This article is accompanied by the following Invited Commentary:

Rollason V, Desmeules JA. Use of metamizole in children and the risk of agranulocytosis. Is the benefit worth the risk? Eur J Anaesthesiol 2015; 32:837–838.

Introduction

Metamizole (dipyrone) is a NSAID with analgesic, spasmolytic and antipyretic properties and can be used orally and parenterally to prevent or treat pain related to surgery. It has been in clinical use since 1922 and is now a popular analgesic drug to treat postoperative, colic, cancer or migraine pain in many countries, whereas it is banned in other countries (USA, Japan and Sweden) because of its possible association with agranulocytosis, hypotension and allergy.1,21,2

The analgesic effect of metamizole seems to be partly based on a dual mechanism that includes the inhibition of cyclooxygenase enzyme activity and the stimulation of cannabinoid receptors.1 In addition, the peripheral antinociceptive effect may due to the activation of ATP-sensitive K+ channels.3 In Germany and Austria, metamizole is included in the recommendations for perioperative pain therapy in children, but a debate about its use is ongoing.4,54,5 Proponents cite the potent analgesic effects and the low frequency of significant adverse effects when compared with other NSAIDs, although opponents point out the lack of clinical studies with large sample sizes and case reports of patients with life-threatening agranulocytosis. We, therefore, conducted a prospective, multicentre, observational, postauthorisation safety study (PASS) with a large number of paediatric patients to evaluate the use of metamizole in children undergoing surgery with a particular focus on serious adverse drug reactions (ADRs).

Materials and methods

Following local ethics committee approval (Ethical Committee of Hanover Medical School, Germany, Chairperson Prof. Dr H. D. Troeger, No. 1973- 2013 on 13 September 2013), the study was carried out at six paediatric centres where metamizole was routinely used for perioperative pain therapy. The study enrolled paediatric patients aged up to 6 years [American Society of Anesthesiologists’ (ASA) physical status class I to III] undergoing surgical procedures with the administration of intravenous metamizole for perioperative analgesia in accordance with local guidelines. Patient demographics, main and secondary diagnoses, the surgical procedures performed, metamizole dose and infusion time, haemodynamic data before and after metamizole administration, use of other analgesics, adjuvants and regional blocks, results of pain measurement in the recovery room and ADR incidence (haemodynamic, anaphylactic or respiratory reactions and agranulocytosis) were documented using a standardised case report form from induction of anaesthesia until discharge from the recovery room. For pain measurement, the Children and Infants Postoperative Pain (ChIPPS) scale from 0 to 10 was used.6 As blood counts were not part of routine postoperative monitoring, agranulocytosis was regarded as unlikely in cases without persistent postoperative fever and other possible manifestations of agranulocytosis such as tonsillitis, stomatitis or pneumonia.

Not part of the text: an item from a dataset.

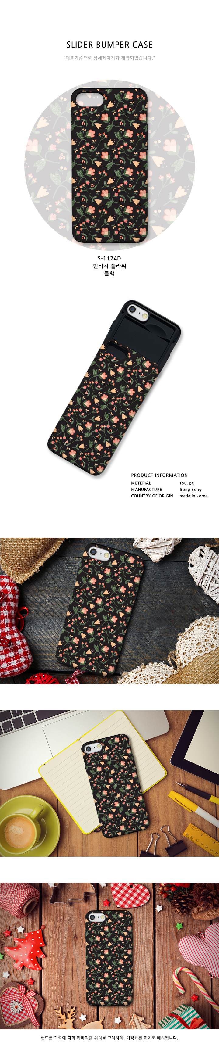 iphone7+ vintage flower black S1124D slider

On the basis of an estimated ADR probability of less than 3/N for N patients [confidence interval of 95% (95% CI)], we planned to observe 1000 patients for this observational study to detect an ADR with an incidence of 0.3%. All recorded data were analysed using a MS Excel (Excel 2010; Microsoft Corporation, Redmond, Washington, USA) and SPSS programme tool (IBM SPSS Statistics 22, Armonk, New York, USA) and are presented as mean ± SD (range) or frequency. Wilcoxon test and linear regression analysis were performed for metric data with a predefined significance level of α equal to 0.05.

Results

A total of 1177 children were investigated at six different paediatric centres in Germany from September 2013 to September 2014. Owing to the high number of study sites and the different modes of recruitment, it was not possible to terminate the study after exactly 1000 children. Thirty-two patients (2.7%) with incomplete data collection were excluded from the analysis except for the presence of ADRs.

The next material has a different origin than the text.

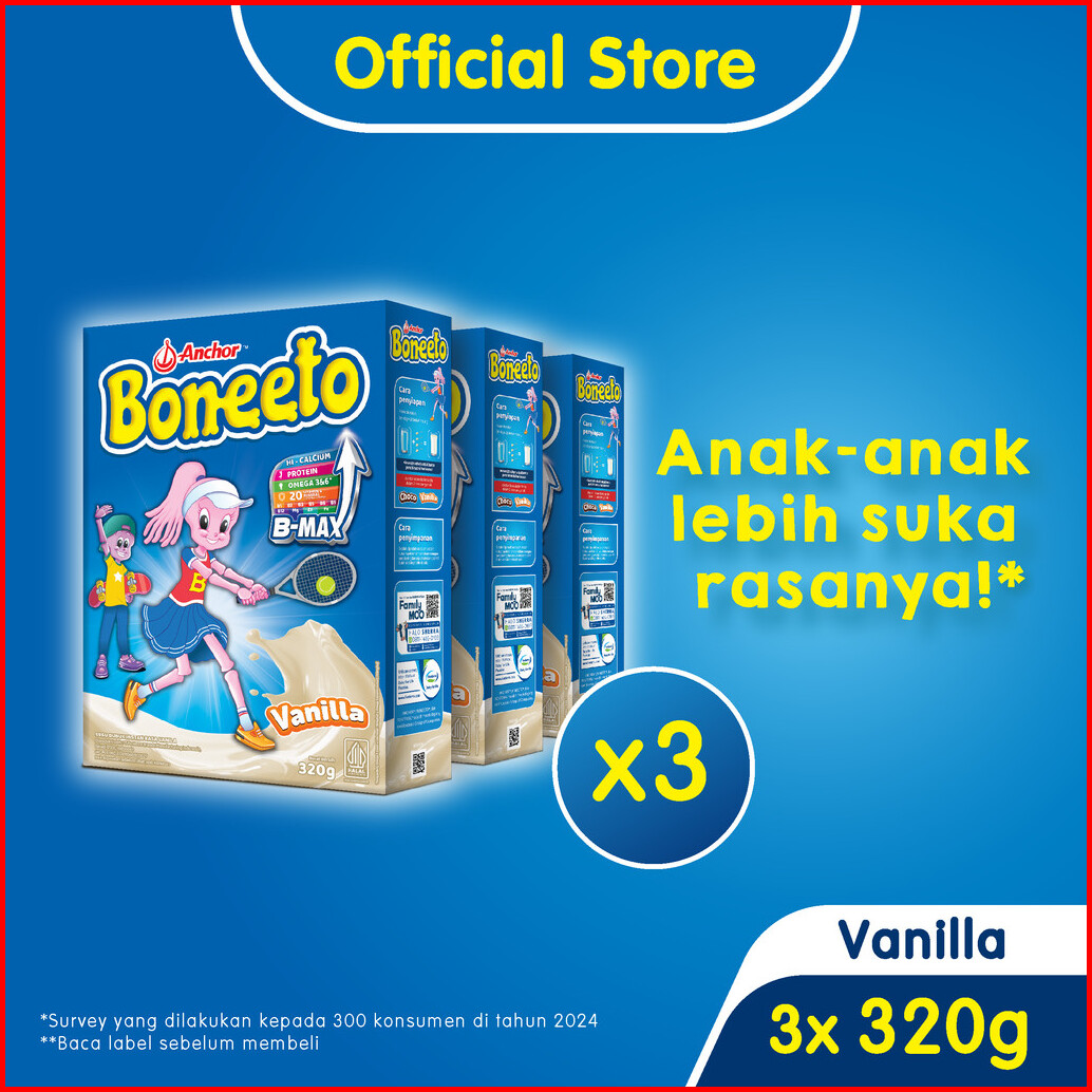 Boneeto Susu Bubuk Anak Sekolah Creamy Vanilla 3 X 340g - Nutrisi Pertumbuhan Anak Untuk Daya Pikir Dan Tubuh Aktif

Demographic data, details of the surgical procedures, duration of anaesthesia, metamizole dose and infusion time are summarised in Table 1 and Fig. 1. The studied cohorts included 113 patients (9.9%) younger than 1 year of age and 34 patients (3%) younger than 1 month. Allergy was reported in 38 patients (3.3%) and bronchial asthma in 23 patients (2%) as a secondary diagnosis.

T1-4
Table 1:
Demographic data, duration of anaesthesia, metamizole dose and infusion time
F1-4
Fig. 1:
Type of surgery performed in the study cohort. ENT, ear, nose and throat.

Metamizole was administered preoperatively in 28 patients (2.5%), intraoperatively in 1104 patients (96.4%) and postoperatively in 13 patients (1.1%). Additional nonopioids were used in 164 patients (14.3%), opioids in 942 patients (82.3%) and adjuvant analgesics in 340 patients (29.7%). In 335 patients (29.3%), general anaesthesia was combined with local or regional anaesthesia (Fig. 2).

F2-4
Fig. 2:
Additional use of opioids, nonopioids, adjuvants and regional blocks. TAP, transversus abdominis plane block.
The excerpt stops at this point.